Wolf Martin Garber (May 18, 1922 – October 17, 2019), known professionally as Bill Macy, was an American television, film and stage actor, best known for his role in the CBS television series Maude (1972–1978).

Early life 
Bill Macy was born Wolf Martin Garber on May 18, 1922, in Revere, Massachusetts, the son of Mollie (née Friedopfer; 1889–1986) and Michael Garber (1884–1974), a manufacturer. He was raised Jewish in the East Flatbush section of  Brooklyn, New York. After graduating from Samuel J. Tilden High School he served in the United States Army from 1942 to 1946 with the 594th Engineer Boat and Shore Regiment, stationed in the Philippines, Japan and New Guinea. He worked as a cab driver for a decade before being cast as Walter Matthau's understudy in Once More, with Feeling on Broadway in 1958. He portrayed a cab driver on the soap opera The Edge of Night in 1966.

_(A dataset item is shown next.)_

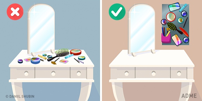 У кожної дівчини серед усього різноманіття косметики є певні предмети, якими вона користується найчастіше. Щоб ці штучки не бовталися без справи на столику або не запихивались в полку на швидку руку, можна прикріпити до стіни магнітну дошку.
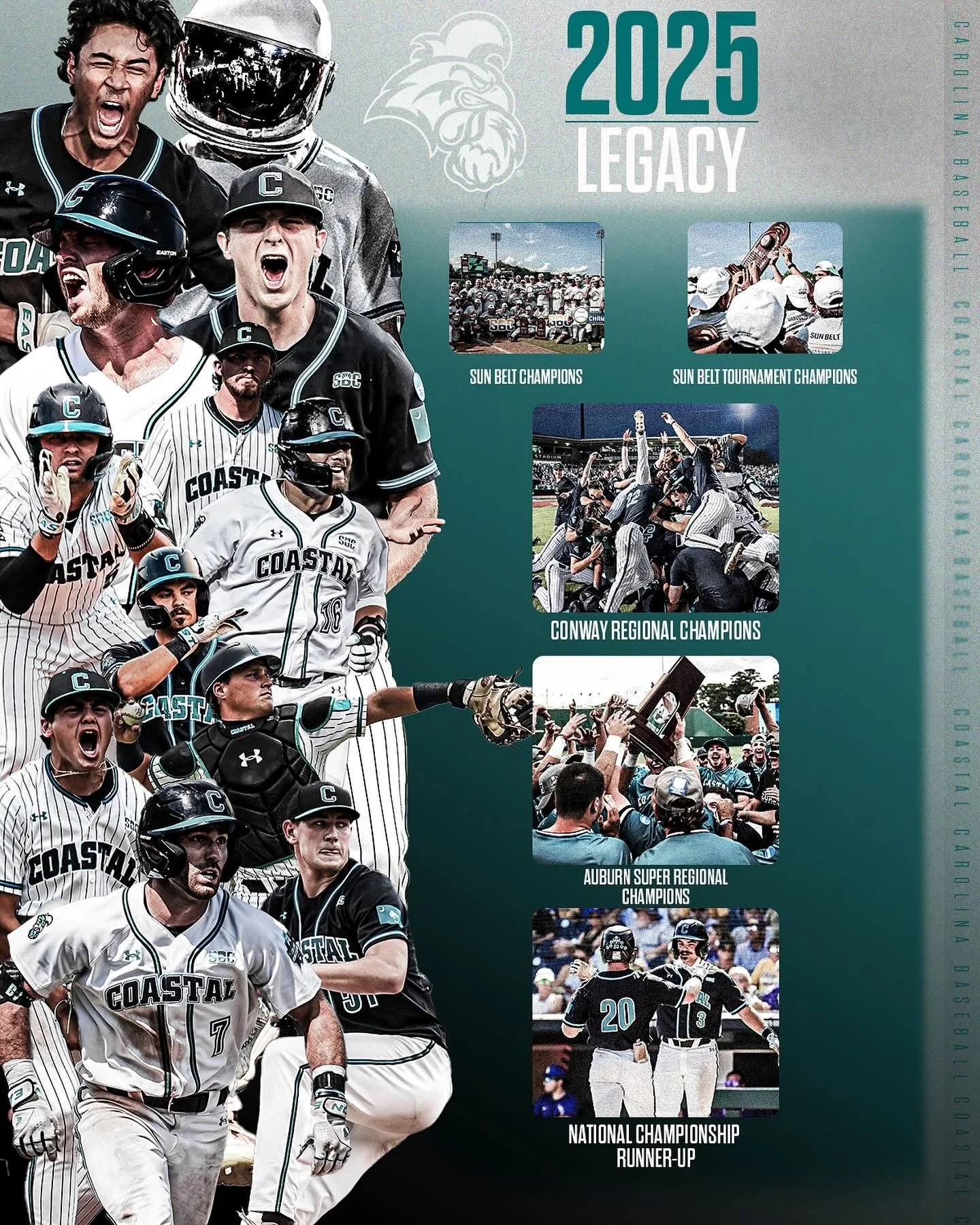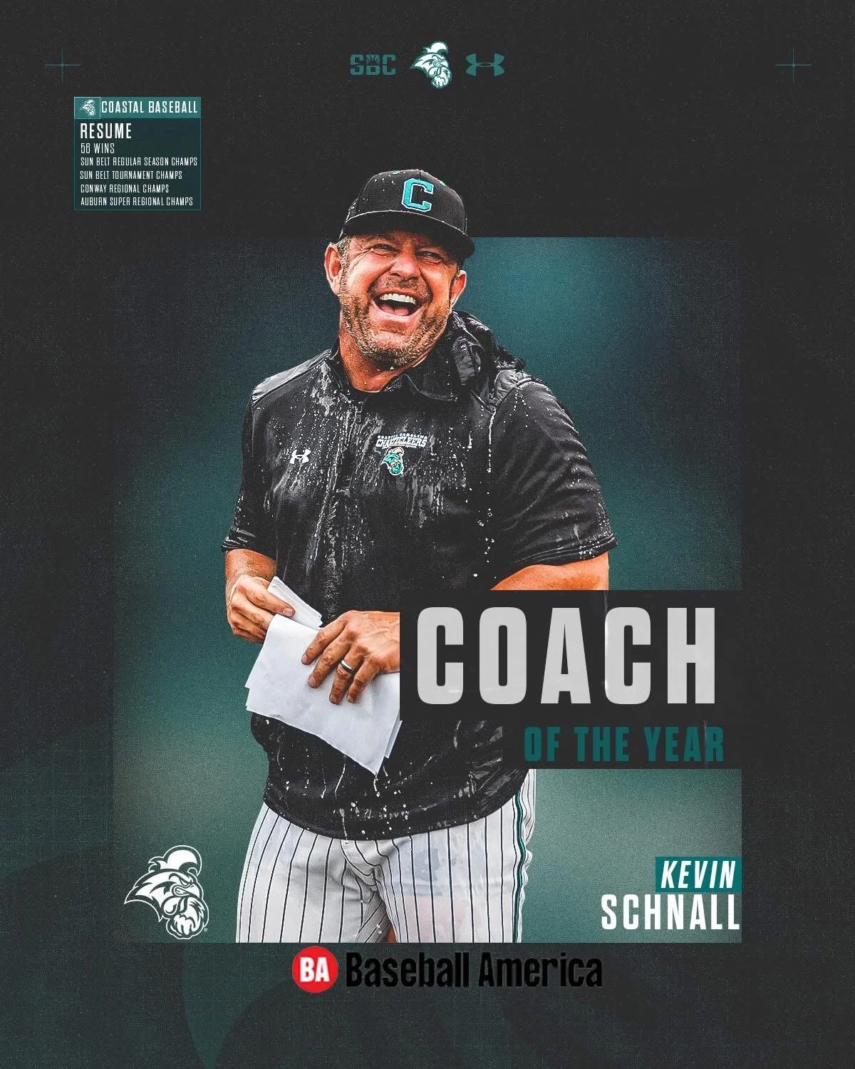 2025 was his rookie year as head coach where he was named Baseball America’s Coach of the Year, ABCA Atlantic Region Coach of the Year. He lead the Chanticleer’s to a record breaking season of 56-13. A season that landed Coastal back in the finals at the College World Series in Omaha.

Macy was an original cast member of the 1969–1972 Off-Broadway sensation Oh! Calcutta!, performing in the show from 1969 to 1971. He later appeared in the 1972 movie version of the musical. Of appearing fully nude with the rest of the cast in the stage show, he said, "The nudity didn't bother me. I'm from Brooklyn."

Macy performed on the P.D.Q. Bach album The Stoned Guest (1970).

Television 
Appreciating Macy's comedic skills off Broadway, Norman Lear brought him to Hollywood, where he first got a small part as a police officer in All in the Family. He was cast in the role of Walter Findlay, the long-suffering husband of the title character on the 1970s television sitcom Maude, starring Bea Arthur. The show ran for six seasons from 1972 to 1978.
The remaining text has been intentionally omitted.